### INPUT MATERIAL
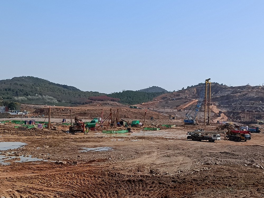 本工程工作內(nèi)容主要包括測(cè)量放線、鉆孔灌注樁旋挖成孔、鋼筋籠制作及安放、砼灌注、鉆渣外運(yùn)、強(qiáng)夯施工等。于2021年03月11日開工,7月15日完工,歷時(shí)126天,滿足招標(biāo)方的節(jié)點(diǎn)工期和總工期要求。
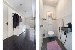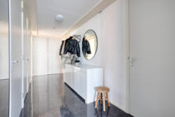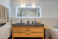 De moderne keuken is een echte blikvanger. Met een granieten aanrechtblad en luxe inbouwapparatuur zoals een koelkast, gaskookplaat, vaatwasser en combi-oven is koken hier een feestje. De badkamer straalt dezelfde luxe uit: een dubbele betonnen wastafel met eikenhouten lades en een grote verlichte spiegel geven een stijlvolle, rustige uitstraling.
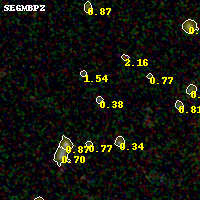 Black segments are analyzed here. Roll mouse over color images to view segments. Best viewed in a wide browser window (1200 pixels or more). Download SED & P(z) plots to view larger versions.
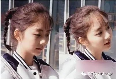 栗色烘托的中长发向上靠拢做挺拔的马尾辫扎发,将马尾辫分红三股做了简略的麻花辫编发,发顶 部分的发丝挑松,额前还有少量的碎发刘海,很有芳华气味的马尾扎发发型。
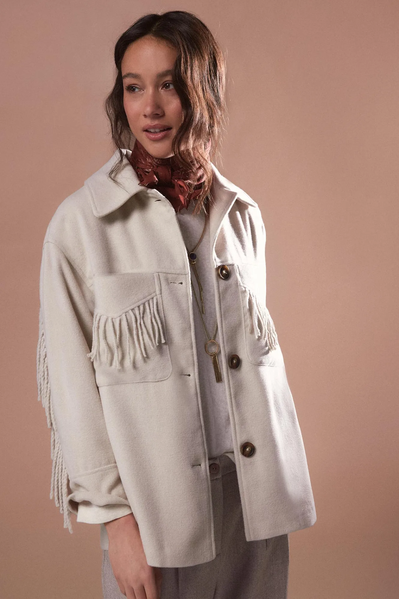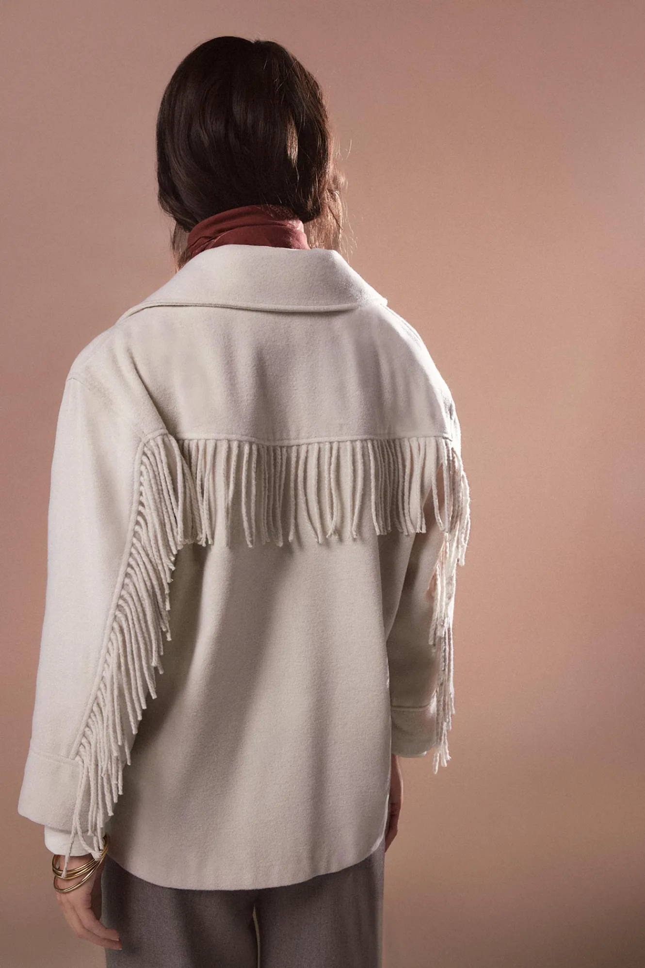 – Decoración en bolsillos de parche con flecos

### WHAT THE TASK REQUIRES
Write the entries above out again exactly, but not the pictures.

### EXERCISE RESPONSE
 本工程工作內(nèi)容主要包括測(cè)量放線、鉆孔灌注樁旋挖成孔、鋼筋籠制作及安放、砼灌注、鉆渣外運(yùn)、強(qiáng)夯施工等。于2021年03月11日開工,7月15日完工,歷時(shí)126天,滿足招標(biāo)方的節(jié)點(diǎn)工期和總工期要求。
 De moderne keuken is een echte blikvanger. Met een granieten aanrechtblad en luxe inbouwapparatuur zoals een koelkast, gaskookplaat, vaatwasser en combi-oven is koken hier een feestje. De badkamer straalt dezelfde luxe uit: een dubbele betonnen wastafel met eikenhouten lades en een grote verlichte spiegel geven een stijlvolle, rustige uitstraling.
 Black segments are analyzed here. Roll mouse over color images to view segments. Best viewed in a wide browser window (1200 pixels or more). Download SED & P(z) plots to view larger versions.
 栗色烘托的中长发向上靠拢做挺拔的马尾辫扎发,将马尾辫分红三股做了简略的麻花辫编发,发顶 部分的发丝挑松,额前还有少量的碎发刘海,很有芳华气味的马尾扎发发型。
 – Decoración en bolsillos de parche con flecos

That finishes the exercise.